And then there was a video of them all freaking out
when one of the groups actually did it and beat it.
It became the first people doing it.
It was like, that's such a cool community thing.
And that's like the thing about it right now, you know, a week removed from last time talking
about Destiny 2 on Gamescast, where I was very much like kept looking at the camera.
Like, I don't know what they're talking about.
I love this game.
Because Andy and Andrea were both like not critical in a bad way, but they were, it was
the normal situation where like, yes, it's destiny.
We love it.
Here's our problems with it.
And here's what we're upset about.
And Andy's stepped that back a bit too.
Of course, because he is a flip flopper.
He is not a flip flopper.
He's got the most pretentious hair.
I hate you.
Hey, I'm just saying what I read on Reddit.
All right.
No, for me now here, it's this interesting thing of being a part of an online community, which is so rare for me.

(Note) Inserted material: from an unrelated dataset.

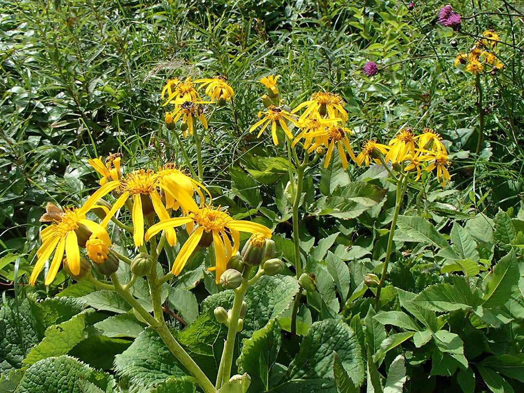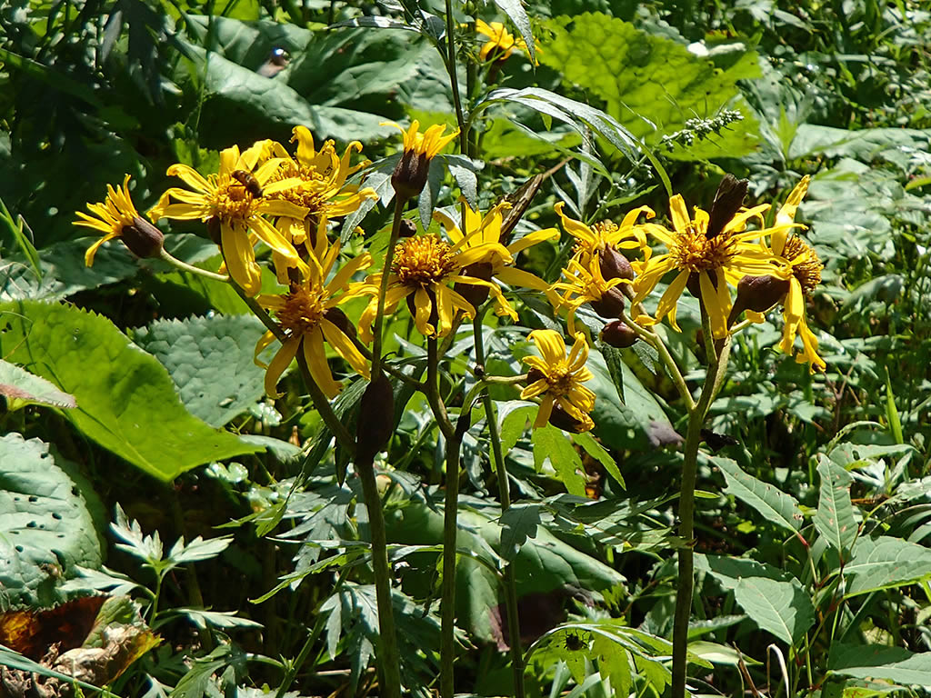 黄色くて大きなマルバダケブキは目立ちます。

And maybe not so much this year with, you know, Friday of 13th or Marvel Heroes Omega, other games I've gotten into.
But Marvel Heroes Omega is just me running around with seeing other people.

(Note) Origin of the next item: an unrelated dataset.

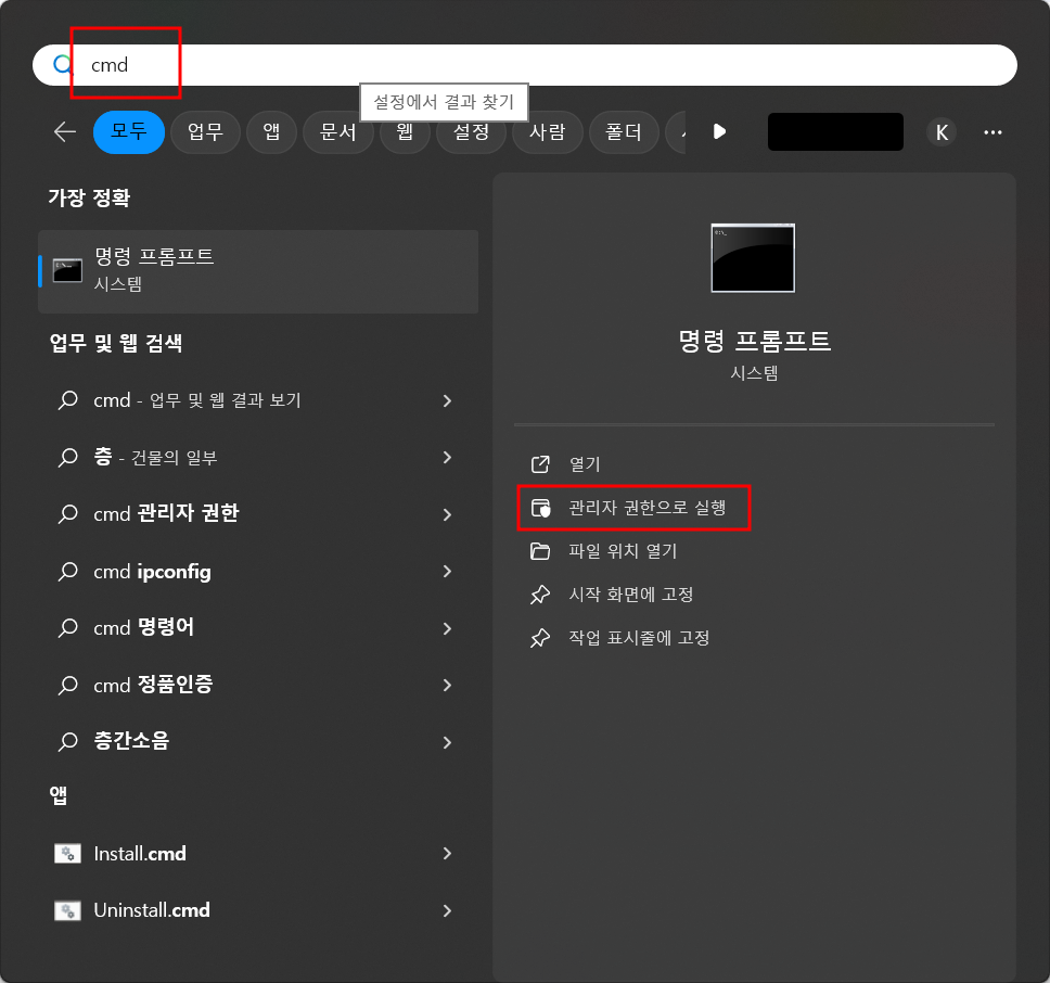 검색 상자에 [cmd]라고 입력 - [명령 프롬프트]를 오른쪽 클릭하고 [관리자로서 실행]을 선택

I'm not playing with other people.
Friday the 13th, it's just me doing private rooms with the kind of funny best friends.
And so that doesn't, that's just hanging out with people.
this being part of something that is so diverse
and having people write in to Games Daily
where they're like, hey, I am from this subreddit
that's just Sherpas and we'll take anybody through the raid
but we won't teach them,
like, we'll be there and answer questions
but not do that,
and like come join us.
And like the way the destiny community,
now that like, you know,
it's like anything else in gaming
where I moved this rock
and then like, oh my God,
there's this whole thing happening here
that I wasn't really part of before.
And like I used to see Alfredo tweet about,
we're trying to be the first in the world
to beat the raid and da-da-da-da for Destiny 1.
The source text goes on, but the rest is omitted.